И к концу вечера по всей комнате, распластав белые форзацы, сохнут книги. Уже сшитые, с промазанными столярным клеем корешками, с торчащими веревочными хвостиками. На каждой книге четыре хвостика — по два с каждой стороны. Когда сшивают страницы, их пришивают к кускам веревки, наверху и внизу книги, от этих веревок и торчат хвостики. Эти-то хвостики и надо «трепать». Сапожным ножом, подложив под них фанерку. Надо сделать их совсем тонкими, плоскими. Когда потом их будут наклеивать на крышку переплета, а сверху накрывать форзацем, они не должны быть заметны. «Трепать хвостики» — это тоже не такая уж простая операция. Можно так «растрепать» хвостики, что от них ничего и не останется, и наклеивать будет нечего. А можно и «недорастрепать»… Но это все еще только полуфабрикаты. Книгу еще надо «одеть». Еще надо выбрать одежду.
— Как ты думаешь, холст к Ходасевичу подойдет?
Холст, ситец, дерматин, бумага для форзацев — это все трудно добыть. Это только в последние годы просто: зашел в магазин и сразу купил, разве только в очереди зашумят: долго выбирает! Куда столько? Зачем по полметра, по четверть метра? Кукольный театр, что ли?!.. Бумагу для форзацев — если хотел, чтобы не белая, — научился делать сам. В таз с водой выливал краску, разведенную в бензине. По воде шли радужные разводы, и тогда быстро на поверхность воды клался лист бумаги. Бумага становилась «мраморная». Но опять задача — нужны два одинаковых форзаца: один в начале книги, другой в конце. А два совершенно одинаковых не получалось. Даже если вдвоем, сразу опускать один лист за другим — разводы разные! Ну, а ситец, холст — это знакомые приносили дань лоскутами.
— Как ты могла купить себе на платье в обрез? Ну хотя бы на один переплет. Ты скоро сносишь эту кофту? Только, пожалуйста, не выгорай ее…
Как-то ему подарили новую цыганскую юбку из синего французского ситца в цветах. По тем временам это был поистине царский подарок.
— Ну что ты смотришь так на юбку! Это бессовестно с твоей стороны. У меня Гумилев раздетый.
И тут же всю раскроил докторскими ножницами. И даже на те книги, которые еще не нашел, которые еще только записаны в дезидерате… Но «одеть» книгу — это еще тоже не конец, это еще не значит, что книгу можно поставить на полку.
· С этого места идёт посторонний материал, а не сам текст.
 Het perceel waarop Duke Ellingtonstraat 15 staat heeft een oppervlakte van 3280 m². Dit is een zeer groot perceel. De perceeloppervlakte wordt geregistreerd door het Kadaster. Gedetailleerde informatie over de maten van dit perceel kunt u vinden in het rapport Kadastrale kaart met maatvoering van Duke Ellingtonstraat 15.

Переплет безымянный, на переплете еще нет ни названия книги, ни автора. Теперь из переплетного цеха книга поступает в оформительский цех… Оформительский цех — это Борис Германович Закс!
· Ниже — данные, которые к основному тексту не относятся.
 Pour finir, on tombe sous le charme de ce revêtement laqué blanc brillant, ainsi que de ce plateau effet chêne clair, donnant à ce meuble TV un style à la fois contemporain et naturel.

— Как, ты уже опять приготовил?! Да я у тебя только в субботу был до двух часов ночи! Хорошо. Приду. Только учти — пять книг, и не больше!
— Десять.
— Я сказал — пять книг и три стихотворения. Только три!
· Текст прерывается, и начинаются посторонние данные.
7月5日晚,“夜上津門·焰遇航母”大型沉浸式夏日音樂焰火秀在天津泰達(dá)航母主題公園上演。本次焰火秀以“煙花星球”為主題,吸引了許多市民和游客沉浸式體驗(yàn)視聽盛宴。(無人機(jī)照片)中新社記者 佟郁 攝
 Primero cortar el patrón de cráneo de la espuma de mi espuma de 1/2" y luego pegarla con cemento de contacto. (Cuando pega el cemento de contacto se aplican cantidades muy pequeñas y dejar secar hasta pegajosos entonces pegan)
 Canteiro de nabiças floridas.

— Десять книг и пять стихотворений. По рукам?..
— Нет. Я сказал: пять и три! И никаких тебе поблажек не будет!
— Ну хорошо, пусть по-твоему…
Это по телефону. А вечером, входя в комнату и видя приготовленные груды книг на столе:
— Ты с ума сошел! И это я все должен сделать?..
— Да нет же, это тебе на выбор — любые! Мы будем делать надписи в четыре руки.
— В двенадцать я уйду, ты как хочешь! И корешки надписывать не буду. Ну зачем ты переплел эту книгу в ситец, да еще в такой цветастый? Надо было бы в полоску или лучше холст… Оставь книги, не трогай! Опять только намажешь… Давай сюда. Зачем ты писал моим пером, после тебя нельзя работать, ты слишком нажимаешь…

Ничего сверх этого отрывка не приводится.